#Bluesky now allows you to “choose your own algorithm”.

Which sounds “incredible” and “sci-fi”—but it really isn’t.

What it essentially does is give a Twitter-like service Reddit-like features.

As an aside, now I’m wondering why Reddit doesn’t offer an alternative web front-end to make it more Twitter-like!

But how does this apply to the
#ActivityPub flavour of the #Fediverse? This feature now makes me realize how big a deal Fediverse groups are going to be, and if I were @Gargron, I’d be even more excited about rolling out Mastodon’s group functionality.

Because while groups aren’t exactly relevancy algorithms, once you add a “New”, “Hot”, “Best”, etc. feed to groups, now you’re in business.

I don’t know if choosing your own algorithm is the killer feature that Bluesky thinks it is. My experience is that most people hate choice. Nevertheless, I still thinks it’s important.

@[email protected]
If this is "choosing your own algorithm", #Calckey has actually had this feature long, long ago.
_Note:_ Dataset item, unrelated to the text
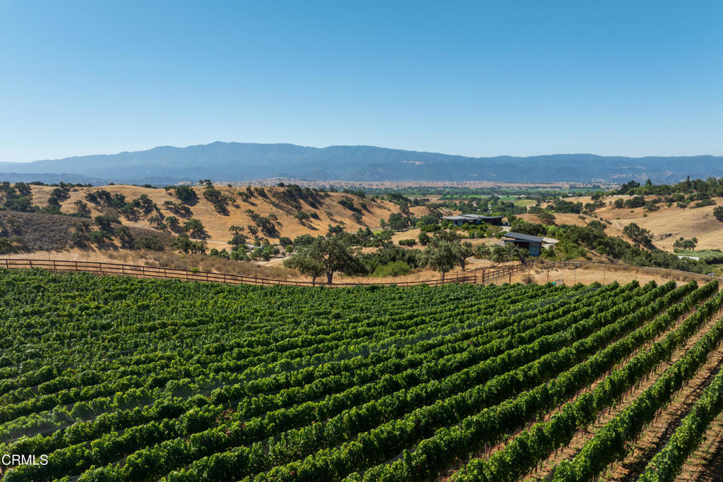 Commanding Hilltop Estate in Santa Ynez Wine Country. Elevated on nearly 20+/- acres of spectacular, unspoiled land, this estate stands as a force of nature–private, powerful, and impossible to overlook. With uncompromising 360 views, a working vineyard, and a deeply luxurious residence, this is not simply a home–it’s a stronghold of elegance and self-sufficiency. The 6,236+/- sq. ft. main residence was fully reimagined, merging scale, sophistication, and structure. Massive wood-beamed ceilings crown a grand living room anchored by a formidable stone fireplace and framed by wrought iron chandeliers. Walls of French doors and picture windows pull the landscape inward–flooding every space with light and purpose. A chef’s kitchen built to perform features a granite-clad island with seating, commercial-grade appliances, and a walk-in pantry. Formal and casual living areas flow effortlessly to the outdoors–designed for both high-impact entertaining and quiet seclusion. Six bedrooms and eight bathrooms deliver space, scale, and autonomy. Dual primary suites offer private wings with deep soaking tubs, walk-in showers, gym or office space, and breathtaking views to the surrounding landscape. Heated floors and UV-protected doors and windows. Every inch has been considered. Outside, the land tells its own story–bold, abundant, and productive. Over 4,000 own-root vines–Mourvedre, Grenache, Syrah, Roussanne, Viognier, and Sauvignon Blanc–stand in perfectly aligned rows…producing fruit of serious quality. A vast orchard supplies dozens of rare and heirloom varietals, while mature olive trees yield a robust annual harvest for the estate’s own Sunset Harvest Olive Oil Company.A two-bedroom, two-bath guest house ready for your personal enhancements, offers complete privacy for visitors, while a 10-foot-deep pool and expansive flagstone patio command center stage for recreation and relaxation.Located within the prestigious Woodstock Ranch, the property offers secured access to private wells, an extensive riding trail network, and a tightly managed infrastructure.This is a property for those who demand scale, presence, and capability. A fortress in wine country. A legacy that stands above.

We call it "Antennas" -- and you can easily build an Antenna yourself.

Here's a screenshot for Antenna creation settings.
So I'm thinking about this in more detail, and I think the "choose your own algorithm" feature with #Bluesky is really not hard to implement, and something very doable on the #Fediverse.

What do we exactly want from an algorithm? Topics.

And we want topics sorted according to the following:

1. Hot
2. New
3. Top
4. Rising

Some people would like a "controversial" feed, but we don't have to give it to them
😉

As for "Top", we can sort it according to time parameters.
@atomicpoet How would you determine "Hot", "Top", "Rising"? Mastodon, and probably other implementations, don't federate likes. That may be true for reply counts too.
@atomicpoet @steve, could you expand on "don't federate likes" please?
@eshep @steve @atomicpoet IIRC they are sent one way from the one doing the like to the one receiving it. The one receiving it does not broadcast it out to everyone else. So you can see a pretty good count for likes on your own posts and you can see your own likes on others posts but everything else is miscounted.
@gustav @eshep @atomicpoet That makes sense. Thanks for the clarification. My point is that this signal can't be reliably used for timeline ranking, at least in smaller instances. I'd personally like the ability to use custom ranking based on post data like content, author, instance, and so on (could include local likes too). I'm thinking of something like a Bayesian or ANN boost/filter trained with my own historical likes and/or boosts.